长听欸了一声,正想回一句此话怎讲,便觉得一股麻意自脚底生起,渐渐蔓延全身,不过片刻,他便觉得周身不能动弹了。
他原是何等机警之人,未料不声不响得便着了道。见已无力挣脱,长听便也不再多做挣扎。镇定道:“景元道长这是何意?只是喝了一杯茶,总不至于如此小气吧”
却听景元气定神闲的说:
“听闻前几日汴州城来了一位美貌惊人的红衣女子,于如意馆中,勾得那周家少爷神魂颠倒,我便于酒疯子处打听了一下,得暗语两句。”
“韭兰花落日东出,最是一厢热闹处,”景元一挑眉头,看着长听道:“你猜这究竟是何意?”
长听暗地里已将酒疯子千刀万剐了个遍。这韭兰雌雄同体,日出开花为雌,日落结果为子。韭兰花落日东出,便是说她看着雌雄难辨,实乃女儿之身。最是一厢热闹处,前几日城中最热闹之处除了城主府还有别处吗?亏得自己还特特地寻了避水珠给他,竟是转头便把她卖了。
长听不慌不忙道:“女子行走不便,我乔装一番又何稀奇的。纵是我再貌美,又与你何干?”
“不过一副皮囊,我自是不会在意”景元眉头一蹙,话锋一转:“然你伤人性命,我便不能坐视不理了”
长听颇有些不服气,道:“那周公子轻薄无礼,我以幻梦香稍稍惩戒了他下,便也只是让他五日之内,夜不能寐,食不能咽。何来伤及性命一说”遂又小声嘟囔:“这大户人家的少爷,也不至于养的这般娇气罢,难道五天不吃不睡便要一命呜呼了?”

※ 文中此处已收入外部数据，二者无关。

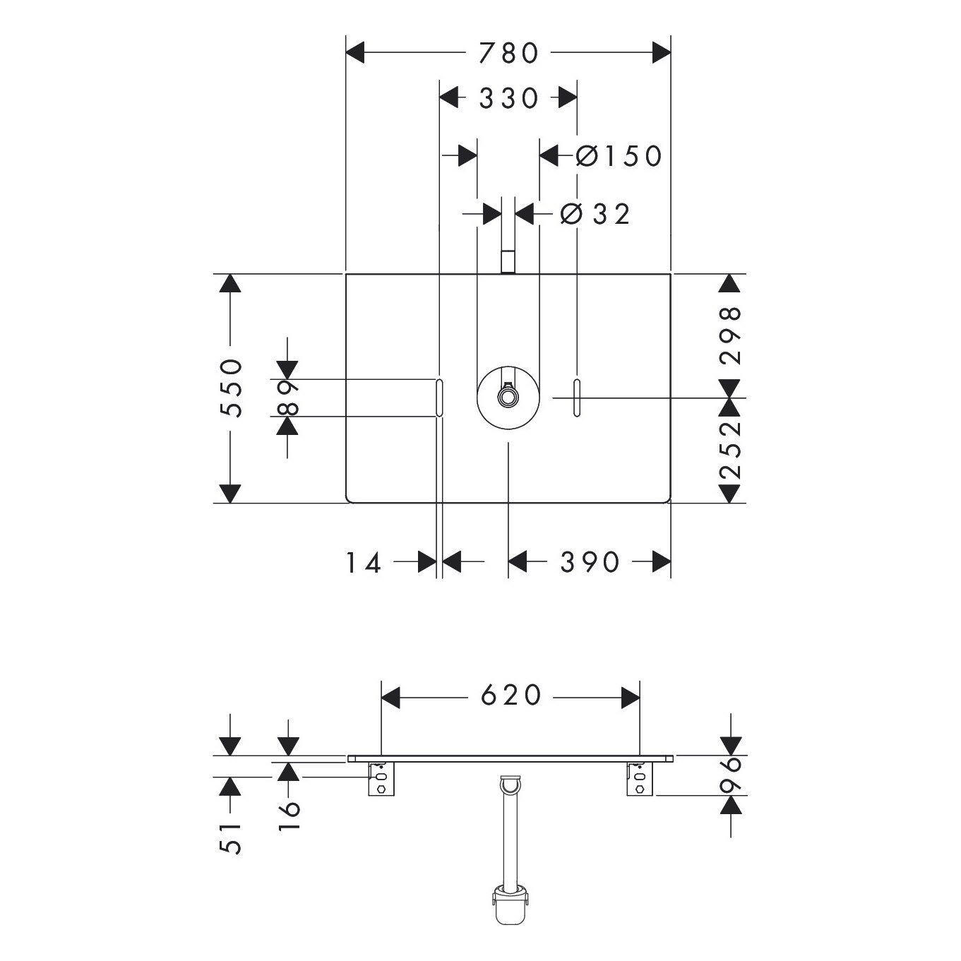hansgrohe Xelu Q Konsole mit Ausschnitt mittig 78 x 55 cm, für Aufsatzwaschtisch ohne Hahnloch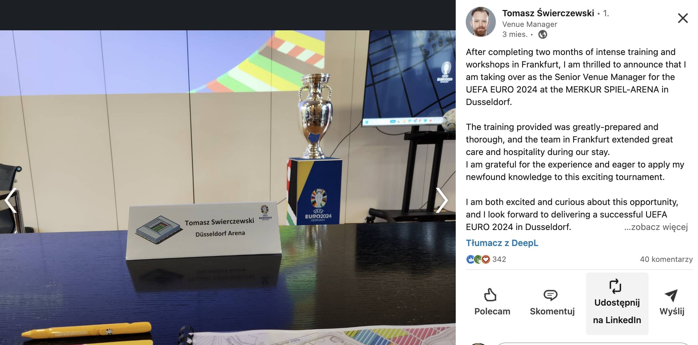 Tomasz Świerczewski, Venue Manager stadionu w Duesseldorfie podczas UEFA Euro 2024: – Jednym z większych to na pewno. To drugi tego rozmiaru turniej, przy którym mam okazję pracować w pełnym wymiarze jako Venue Manager. Muszę powiedzieć, że mundial w Katarze był „większy”. Był to mój pierwszy taki turniej, pierwszy raz byłem tak długo poza domem, w nowym środowisku, w zupełnie innej kulturze. Tam było jeszcze bardziej wymagająco, choć nie powiem, że tutaj jest dużo łatwiej. W Niemczech jest wiele biurokracji, przepisów, ograniczeń. Największym wyzwaniem jest zawsze bycie wrzuconym w nowe środowisko, gdzie trzeba bardzo szybko się odnaleźć, żeby w określonym czasie zrobić to, czego od nas oczekują.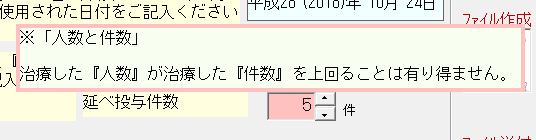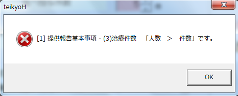 という画面が表示されます。これは「『治療人数』が『延べ治療件数』を超えている」というエラー表示です。この画面で「OK」をクリックすると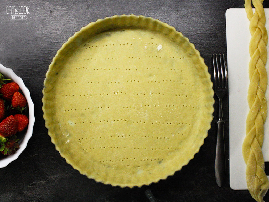 Těsto si podeber – buď válečkem nebo rukama a přemísti ho do máslem vymazané formy (použij koláčovou nebo dortovou formu s odnímatelným dnem). Pouze konečky prstů ho vtlač do formy, aby na celé ploše těsto těsně přiléhalo ke stěně a dnu. Okraje by měly mít tloušťku až 8 mm, což znamená, že při vtlačování těsta k okrajům bychom měli prsty druhé ruky zároveň tlačit na okraj směrem dolů, aby těsto nebylo až tolik do výšky, ale přibylo na tloušťce. Pokud těsto přečnívá přes okraj, tupou stranou nože nebo prsty ho odstraň.

幻梦香虽让周丙生吃了番苦头,却也不会伤及性命。然而那周府少爷的情况,却不止于此。景元原是与她相处过几日的,亦觉得长听并不似那等手段恶毒之人。然事出于她,孰是孰非,自是得将她带去周府看看情况方能判断的。念及长听身手并不及他,当下略一思索,便解了毒,带上她往周府去了。
不消片刻便到了,长听抬眼一看,这周府高门宅院,青瓦朱墙。虽不如城主府般威风凛凛,却也是气宇轩昂之极,想来锦庄生意自是不差。
一路长驱直入,未打战便见到了周家少爷周丙生。
只见周丙生侧卧于榻上,脚下匐一丫鬟捶腿,身边站一丫鬟拂扇,榻上置一小几,布满琳琅珍果,若不是腹部如怀胎五月的妇人般高高耸起的话,倒也是一副极其潇洒悠闲的模样。
长听顿时一乐,戏言道:“这炎炎夏日,周大少爷不在万花丛中fēng_liú,怎得在着安胎呢?”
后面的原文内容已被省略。